Después del suicidio de su amigo el escritor Osamu Dazai en 1948, Ango entró en una fuerte depresión. Al año siguiente fue internado en el hospital de Tokio debido a su estado mental y a su adicción a los narcóticos. Éstos fueron, sin embargo, años de intensa producción literaria. Entre sus relatos de esta época se encuentra el que se presenta a continuación, traducido por primera vez al español. “Nichigetsu-sama” [Soliluna] es un cuento de 1949 en el cual se narra la historia de Kimigorō Ōji, un joven traficante que consideran excéntrico hasta los personajes más marginales de la sociedad japonesa de posguerra. En el relato se conjugan algunos de los tópicos más comunes de la literatura de Ango: la locura, las drogas, la prostitución, la pregunta sobre la relación entre una cosa y su opuesto.

Ango pasó los últimos años de su vida entre internaciones psiquiátricas y afecciones físicas, agobiado también por un declive en el interés en sus textos. Falleció en 1955 de un aneurisma cerebral. (

Soliluna

Cuando estuve internado en el psiquiátrico empezó a correrse un rumor: que yo era adicto a las drogas. Un día vinieron tres oficiales del Departamento de Narcóticos. Como el Hospital de la Universidad de Tokio no permite interrogar a sus pacientes (podrían enojarse por ser considerados ‘adictos a las drogas’ y hasta temerían perder la continuidad de sus tratamientos), los tres policías interrogaron en cambio y durante dos horas enteras a la enfermera y al doctor Chitani, quien me tenía a su cargo. Les hicieron pasar un momento de mierda.

Por aquel entonces, yo podía ir al estadio de beisbol Kōraku-en gracias al permiso del doctor Uchimura (el lanzador del equipo de beisbol de los médicos del hospital) y de Chitani (el cácher). Un día en que no había partido, pasé por la casa del escritor Yoshio Toyoshima, muy cerca de allí, en Sendagi.

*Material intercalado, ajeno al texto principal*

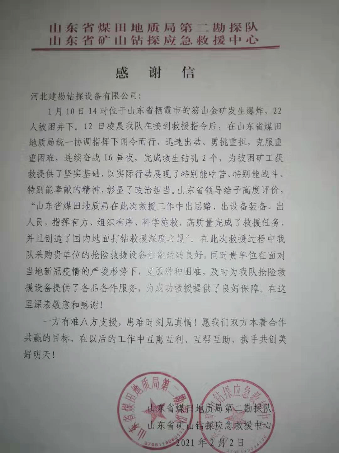 1月10日14時(shí),位于山東省棲霞市的笏山金礦發(fā)生爆炸,22人被困井下。山東省煤田地質(zhì)局第二勘探隊(duì)、山東省礦山鉆探應(yīng)急救援中心連續(xù)奮戰(zhàn)16晝夜,完成救生鉆孔2個(gè),為被困礦工獲救提供了堅(jiān)實(shí)基礎(chǔ),高質(zhì)量完成了救援任務(wù),并且創(chuàng)造了國內(nèi)地面打鉆救援深度之最。在此次救援過程中,河北建勘鉆探設(shè)備公司提供的搶險(xiǎn)救援設(shè)備性能運(yùn)轉(zhuǎn)良好,并且在面對當(dāng)?shù)匦鹿谝咔榈膰?yán)峻形勢下,克服種種困難,及時(shí)為救援隊(duì)搶險(xiǎn)救援設(shè)備提供了備品備件服務(wù),為成功救援提供了良好保障。為此,山東省煤田地質(zhì)局第二勘探隊(duì)和山東省礦山鉆探應(yīng)急救援中心在感謝信中深表敬意和感謝,并希望雙方本著合作共贏的目標(biāo),在以后的工作中互惠互利、互幫互助,攜手共創(chuàng)美好明天。

-Ah… el drogadicto -me dijo al hacerme pasar.

-No soy adicto a ninguna droga, sólo consumo pastillas para dormir.

-Es lo mismo.

No lo contradije.

Después nos pusimos a tomar unos tragos. Eventualmente empezamos a hablar de su hija, que había fallecido el año anterior de peritonitis. Toyoshima dijo que ella sufría dolores insoportables y que por eso se inyectaba Narcopon. Y que al hacerlo sus dolores desaparecían.

-El Narcopon sí es una droga, es un derivado de la morfina -dije-. De hecho, las dos primeras cosas a las que se hizo adicto Osamu Dazai fueron al Narcopon y al Pantopon. En mi hospital no hay camas para cuidados intensivos, así que cuando aparece un paciente muy enfermo se le pone a dormir con Narcopon y se le envía al Hospital Psiquiátrico Matsuzawa. Pero lo que yo tomo son pastillas para dormir comunes y corrientes, ésas que uno compra en cualquier mercado, nada del otro mundo.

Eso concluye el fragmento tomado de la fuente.